- [Available data]:

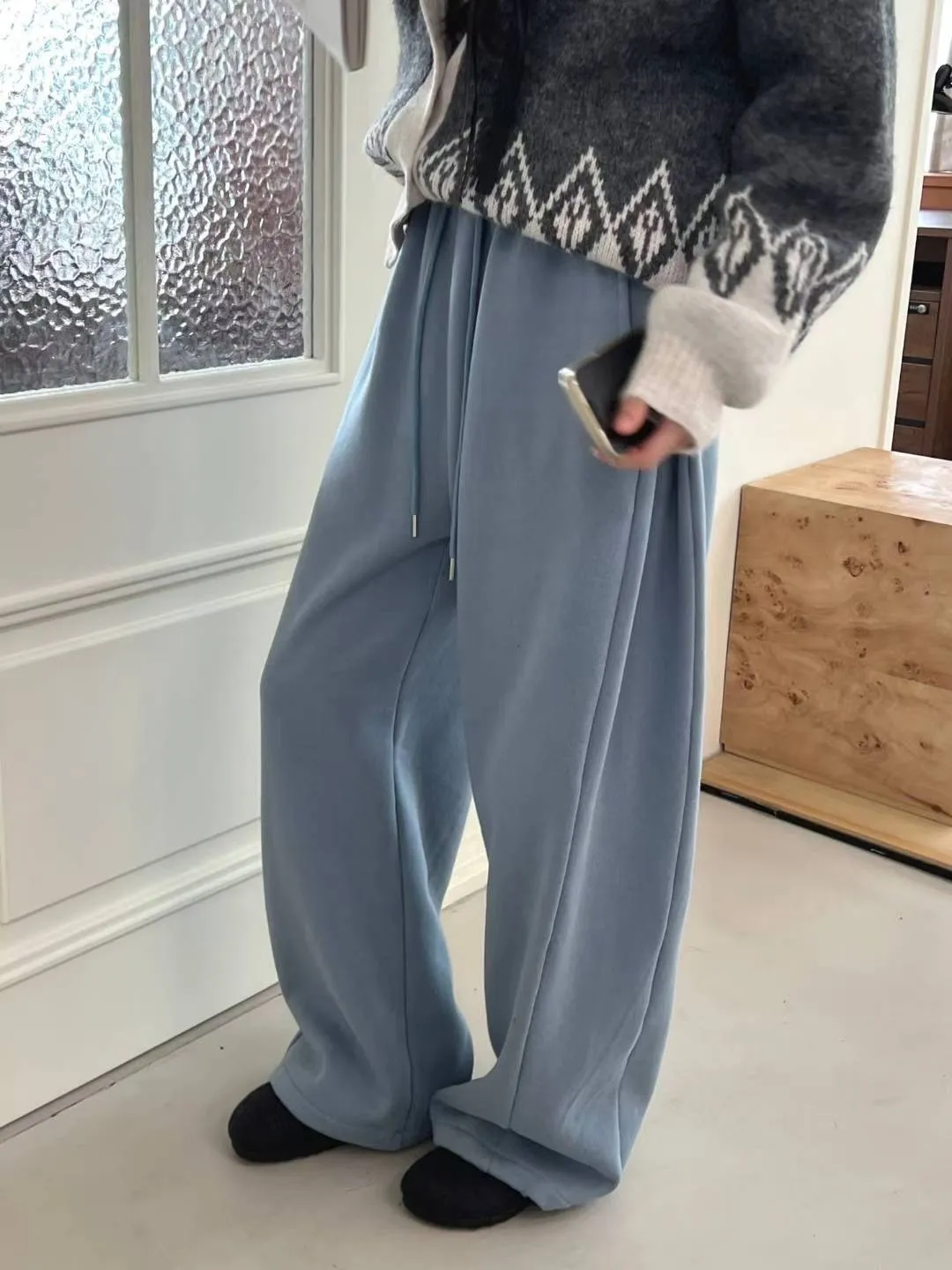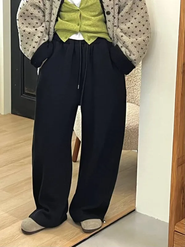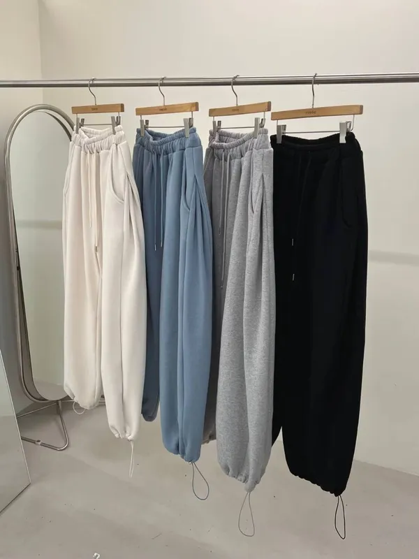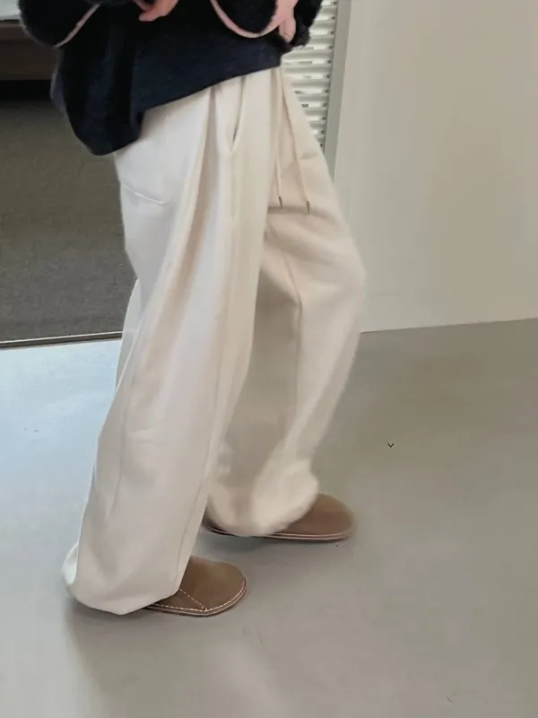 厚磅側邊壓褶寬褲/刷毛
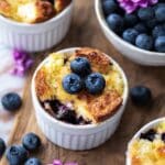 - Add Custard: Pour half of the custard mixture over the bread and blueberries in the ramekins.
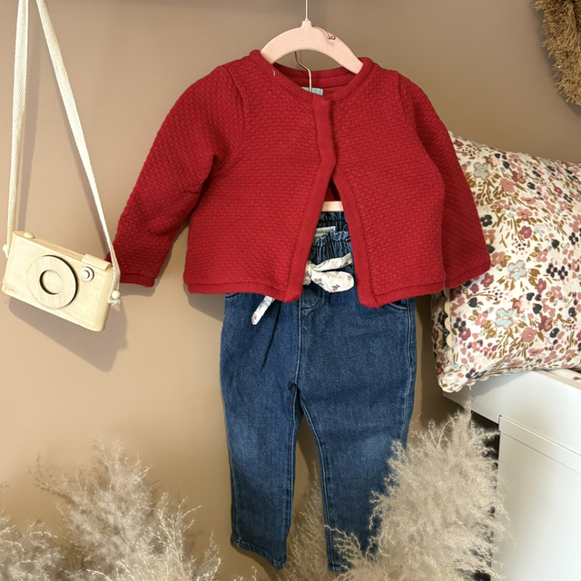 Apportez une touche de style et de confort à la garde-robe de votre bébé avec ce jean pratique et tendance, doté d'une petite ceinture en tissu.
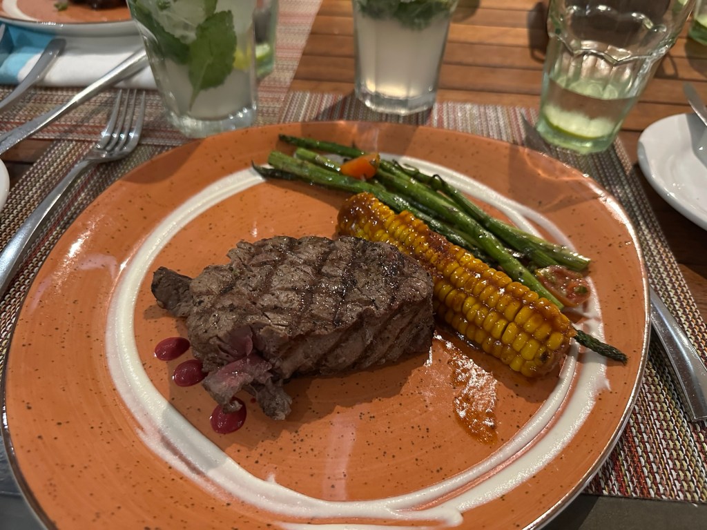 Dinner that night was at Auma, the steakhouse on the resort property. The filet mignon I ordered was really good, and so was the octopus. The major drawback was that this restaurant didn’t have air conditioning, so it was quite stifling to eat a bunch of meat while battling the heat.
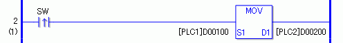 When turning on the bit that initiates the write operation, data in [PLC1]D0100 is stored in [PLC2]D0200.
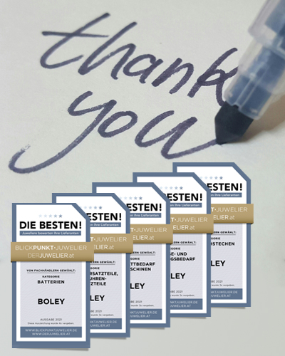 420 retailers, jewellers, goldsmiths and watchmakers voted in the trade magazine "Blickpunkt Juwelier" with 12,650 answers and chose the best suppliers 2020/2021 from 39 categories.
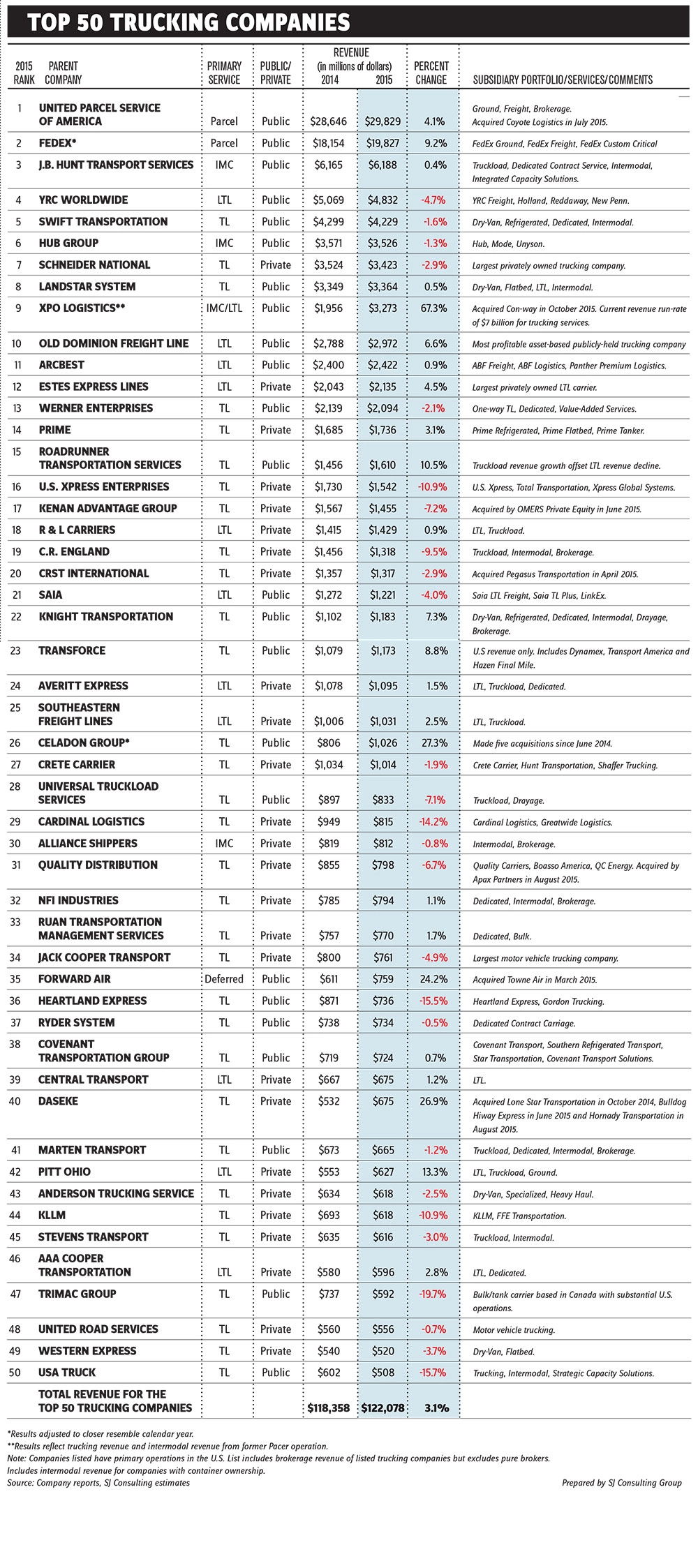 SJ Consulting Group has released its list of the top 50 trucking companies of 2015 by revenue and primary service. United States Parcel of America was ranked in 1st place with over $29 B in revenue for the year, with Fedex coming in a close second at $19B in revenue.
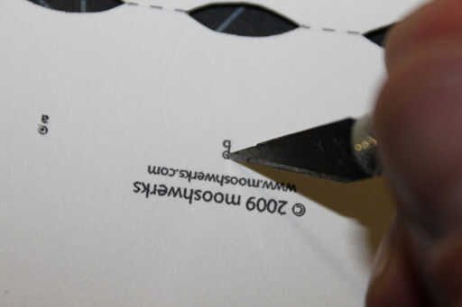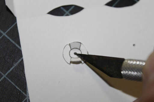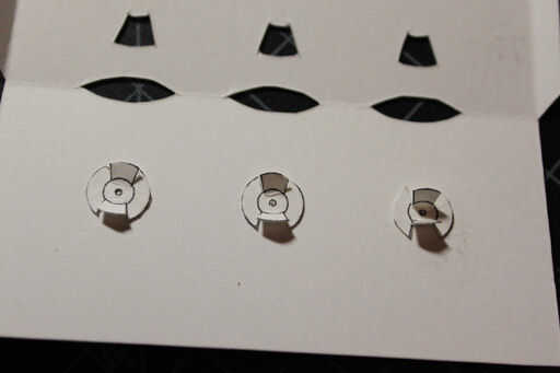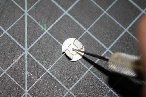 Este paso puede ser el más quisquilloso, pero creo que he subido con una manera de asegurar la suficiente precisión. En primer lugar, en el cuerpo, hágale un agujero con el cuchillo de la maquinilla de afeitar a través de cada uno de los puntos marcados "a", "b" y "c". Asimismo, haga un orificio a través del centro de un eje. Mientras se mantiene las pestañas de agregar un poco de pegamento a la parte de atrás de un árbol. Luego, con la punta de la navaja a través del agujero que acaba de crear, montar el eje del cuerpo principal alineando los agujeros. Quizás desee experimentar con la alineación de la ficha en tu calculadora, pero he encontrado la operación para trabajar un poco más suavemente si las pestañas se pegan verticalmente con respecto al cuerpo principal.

--

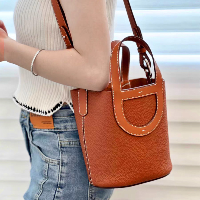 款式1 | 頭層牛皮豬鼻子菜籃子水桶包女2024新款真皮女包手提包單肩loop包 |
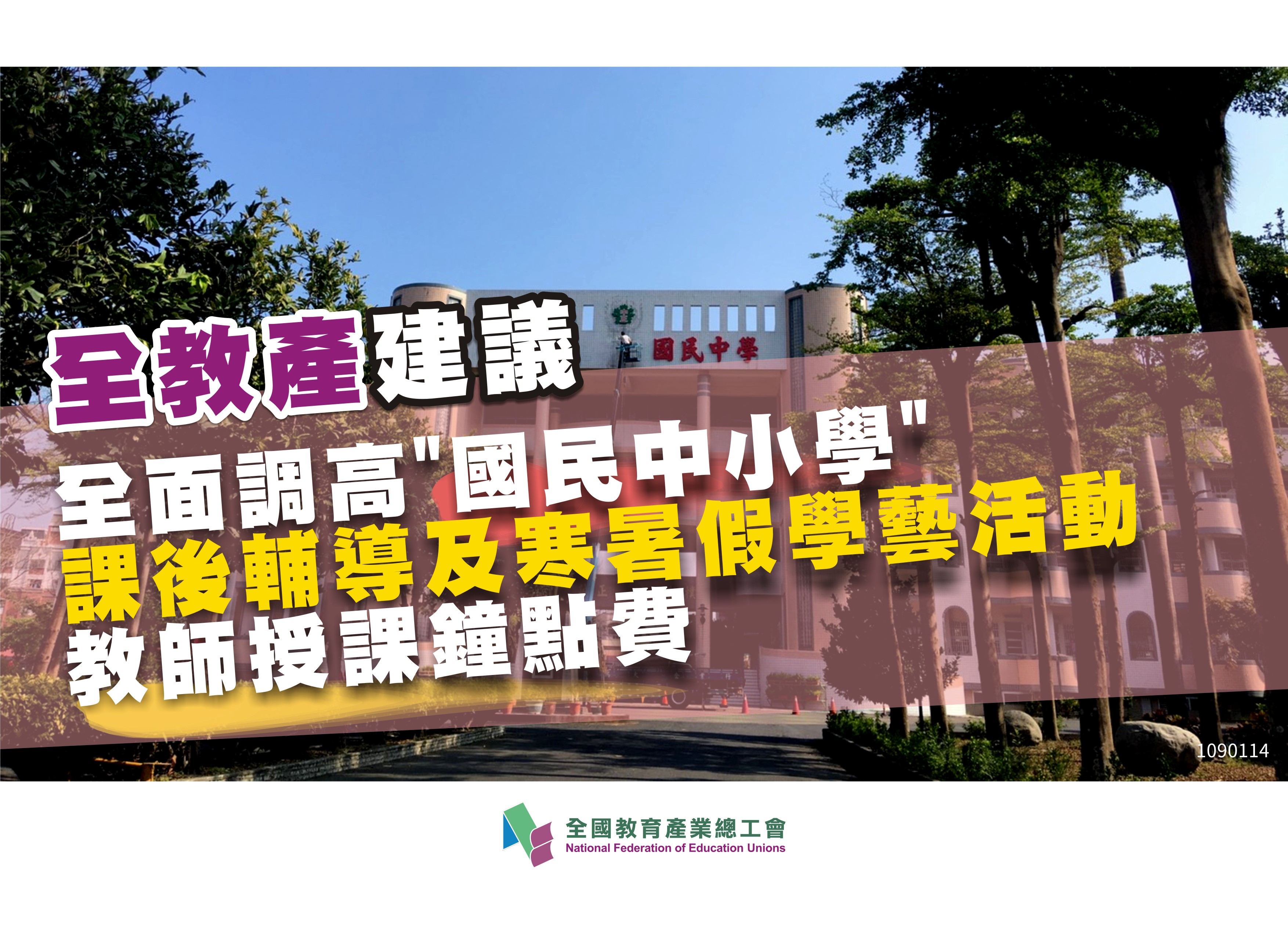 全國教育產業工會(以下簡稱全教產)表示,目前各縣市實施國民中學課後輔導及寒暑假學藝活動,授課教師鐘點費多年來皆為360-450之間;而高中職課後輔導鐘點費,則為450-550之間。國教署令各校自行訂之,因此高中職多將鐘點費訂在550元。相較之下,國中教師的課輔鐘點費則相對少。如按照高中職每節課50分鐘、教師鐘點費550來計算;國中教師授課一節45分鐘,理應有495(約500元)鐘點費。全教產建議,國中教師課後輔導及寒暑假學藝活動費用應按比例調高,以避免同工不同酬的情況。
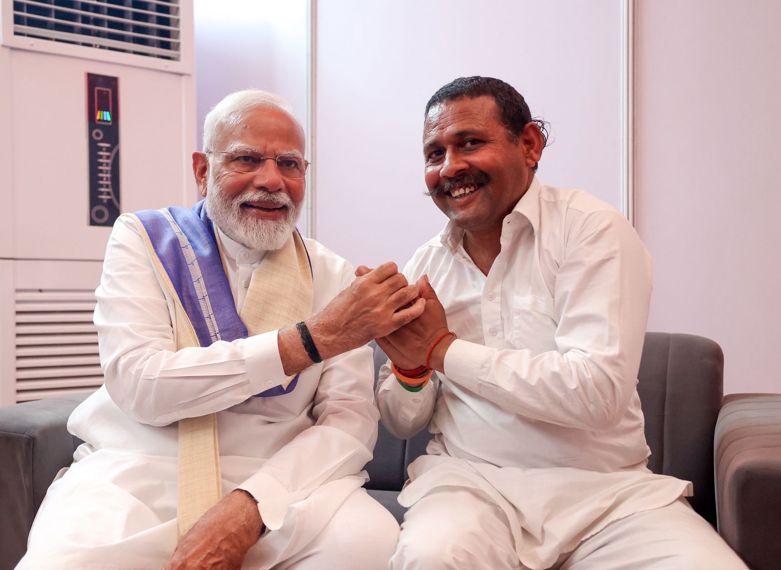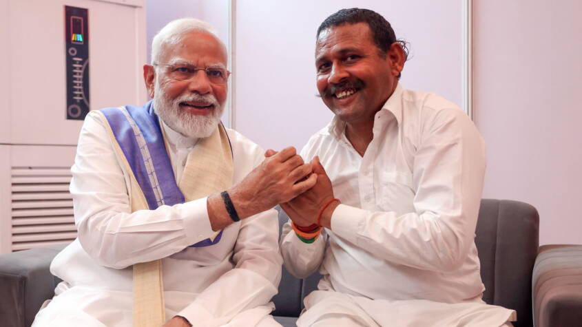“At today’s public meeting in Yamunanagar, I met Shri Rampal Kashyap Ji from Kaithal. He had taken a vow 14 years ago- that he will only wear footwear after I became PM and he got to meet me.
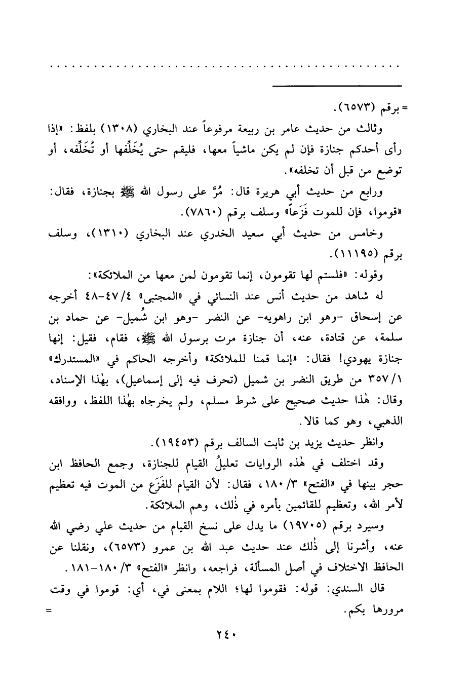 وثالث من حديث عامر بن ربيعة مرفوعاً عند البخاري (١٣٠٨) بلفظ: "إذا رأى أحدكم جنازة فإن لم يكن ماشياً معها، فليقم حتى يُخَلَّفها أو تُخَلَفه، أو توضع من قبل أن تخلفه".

- [Exercise]:
With the pictures omitted, copy exactly the lines of the listing above starting at the line containing "厚磅側邊壓褶寬褲/刷毛" and ending at the line containing "Apportez une touche", both included.

- [Task result]:
 厚磅側邊壓褶寬褲/刷毛
 - Add Custard: Pour half of the custard mixture over the bread and blueberries in the ramekins.
 Apportez une touche de style et de confort à la garde-robe de votre bébé avec ce jean pratique et tendance, doté d'une petite ceinture en tissu.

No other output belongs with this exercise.